**Problem to solve**
Give back all of the data exactly, with every picture omitted.

Collection entries:
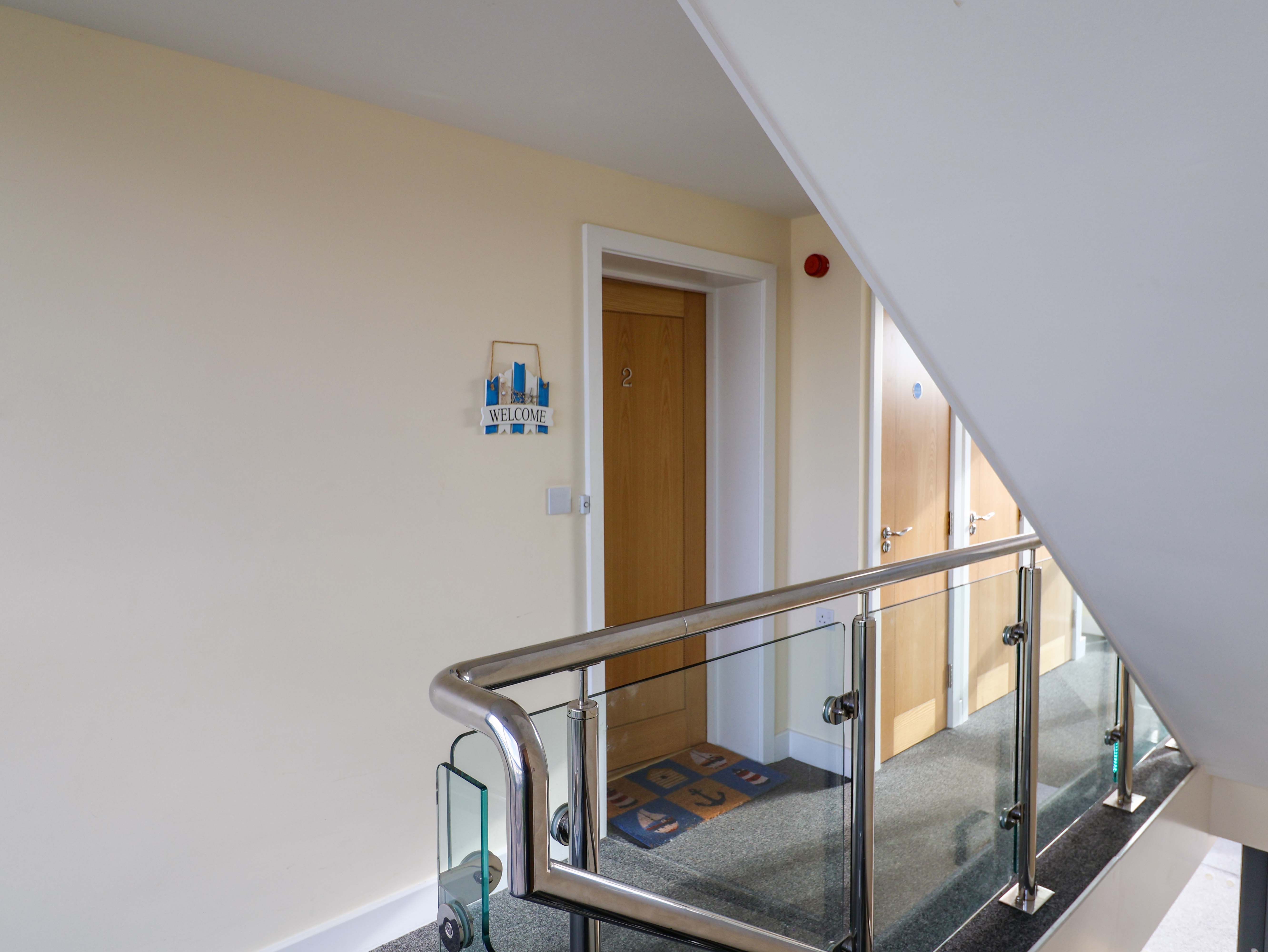 Accomodation Details First-floor apartment. Open-plan living area with fully fitted kitchen, sitting and dining area. Two bedrooms: 1 x king-size with en-suite shower-room with walk-in shower, basin and WC, 1 x twin. Bathroom with bath, basin and WC.
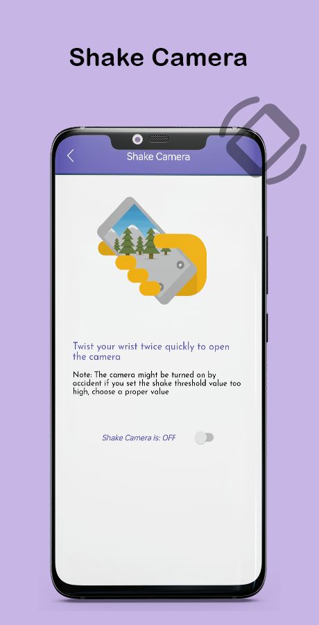 With shake camera you can shake your mobile phone to access easily to the camera.
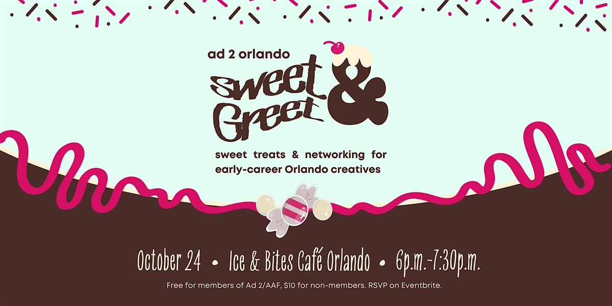 🍧Get advice and swap tips from advertising and creative pros and peersWhether you're looking to make new connections, explore Orlando, or just indulge your sweet tooth, Sweet & Greet is the perfect excuse to treat yourself… professionally and literally.
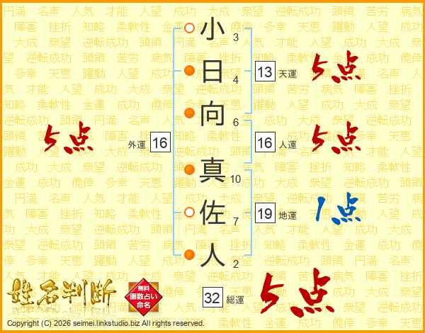 小(3画)日(4画)向(6画) 真(10画)佐(7画)人(2画)
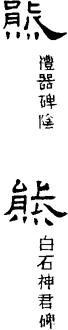 〈辨〉熊字从火,本义为义项①;假借为哺乳动物的熊,其实,熊本当作能,能为熊的本字,详能字下。
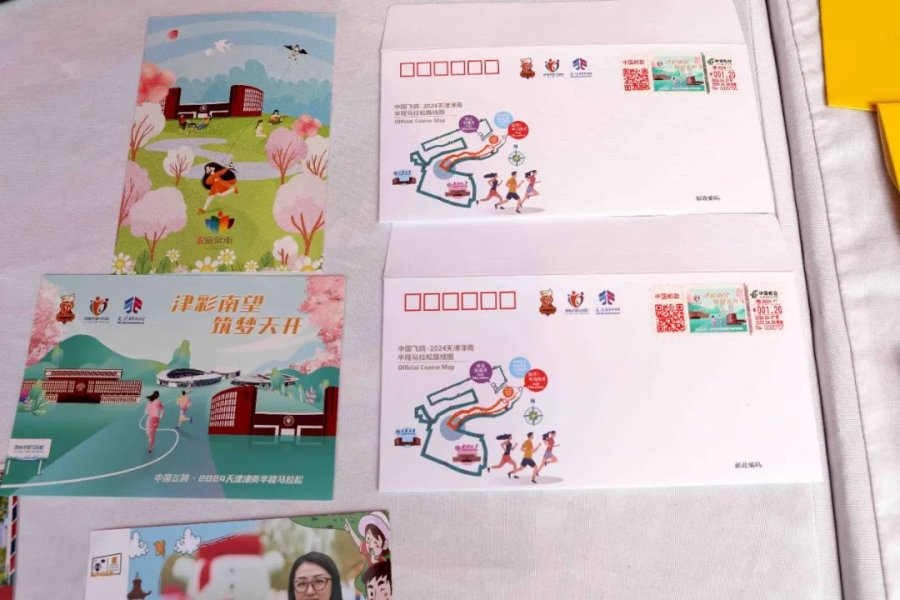 为助力此次赛事活动,津南区分公司在位于天津职业技能公共实训中心的起跑点位,集装箱特色街区“绿动BOX”职工短程跑点位,以及天津大学北洋园校区沿途点位,设置了三个邮政服务点位,将邮文化与津南半马元素相结合,为参赛人员提供包括文创产品选购、免费主题邮戳加盖、DIY明信片打印等服务,同时现场开展了“绿色小站稻、健康马拉松”邮乐直播活动,为马拉松爱好者带来智能化、沉浸式的邮文化体验。
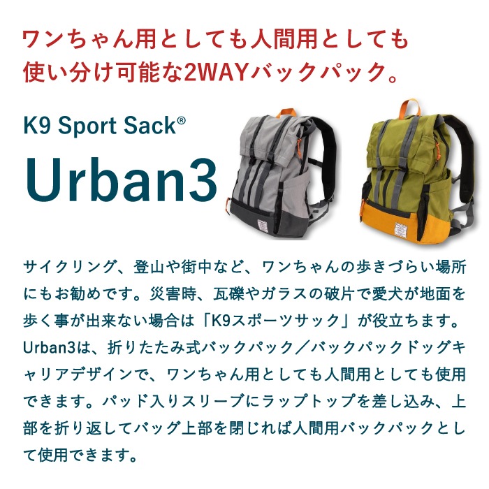 K9 Sport Sack Urban3 サイズXS~L | 小型・中型犬対応2WAYキャリー

**Answer box**
 Accomodation Details First-floor apartment. Open-plan living area with fully fitted kitchen, sitting and dining area. Two bedrooms: 1 x king-size with en-suite shower-room with walk-in shower, basin and WC, 1 x twin. Bathroom with bath, basin and WC.
 With shake camera you can shake your mobile phone to access easily to the camera.
 🍧Get advice and swap tips from advertising and creative pros and peersWhether you're looking to make new connections, explore Orlando, or just indulge your sweet tooth, Sweet & Greet is the perfect excuse to treat yourself… professionally and literally.
 小(3画)日(4画)向(6画) 真(10画)佐(7画)人(2画)
 〈辨〉熊字从火,本义为义项①;假借为哺乳动物的熊,其实,熊本当作能,能为熊的本字,详能字下。
 为助力此次赛事活动,津南区分公司在位于天津职业技能公共实训中心的起跑点位,集装箱特色街区“绿动BOX”职工短程跑点位,以及天津大学北洋园校区沿途点位,设置了三个邮政服务点位,将邮文化与津南半马元素相结合,为参赛人员提供包括文创产品选购、免费主题邮戳加盖、DIY明信片打印等服务,同时现场开展了“绿色小站稻、健康马拉松”邮乐直播活动,为马拉松爱好者带来智能化、沉浸式的邮文化体验。
 K9 Sport Sack Urban3 サイズXS~L | 小型・中型犬対応2WAYキャリー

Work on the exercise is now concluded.